Multipurpose solutions (MPS) now make up the vast majority of the market for contact lens care solutions. Contact lens solutions have a complex role in contact lens wear; the name Multi-purpose Solution (MPS) gives an indication of that point. The influence of silicone hydrogel materials can be seen in an increased complexity in MPS composition. An important aspect of this complexity is the choice of surfactant - used either singly or in combination. Three important elements of solution behaviour are influenced by surfactants: Cleaning, comfort and compatibility.
The removal of lipids and proteins from a lens surface by a MPS can be broken down into three distinct phases. • The lowering of the liquid phase surface tension• Emulsification of the deposit• Surface adsorption to prevent re-deposition
The sequence depicted illustrates the fact that effective lipid removal involves several surface chemical functions and is a dynamic process.

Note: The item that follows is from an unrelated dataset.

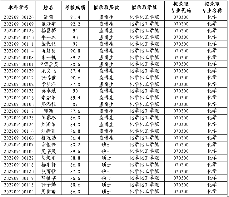 根据教育部及学校关于“强基计划”学生转段研究生相关规定,经学生申请、学院考核,现将JAVSB 接收2022级“强基计划”学生本研转段考核结果予以公示,公示期为2025年9月24日-9月27日。如对拟录取名单有异议,请于公示期内向化学化工学院书面反映。

Simple static surface tension is important for the first step but is not an adequate predictor of overall cleaning efficacy. Cleaning efficiencies of care solutions are difficult to assess due to the multi-factorial nature of the problem, including patient tear chemistry, wear schedule, compliance and complexity of solution compositions.
In contrast, dynamic surface tension has been shown to be a more useful predictor of other and similar cleaning processes. The third step illustrates one aspect of the importance of surface adsorption – which has a major part to play in MPS behaviour. In addition to its role in minimising lipid accumulation, surface adsorption influences comfort (which is advantageous) and destabilisation of the superficial tear lipid layer (which is disadvantageous). Whereas static and dynamic surface tensions are measured directly and relatively simply, assessment of surface adsorption requires measurements at both liquid/air (surface pressure) and liquid/lens (e.g. friction and surface energy). Additionally, it is important to assess the persistence of surface adsorption effects.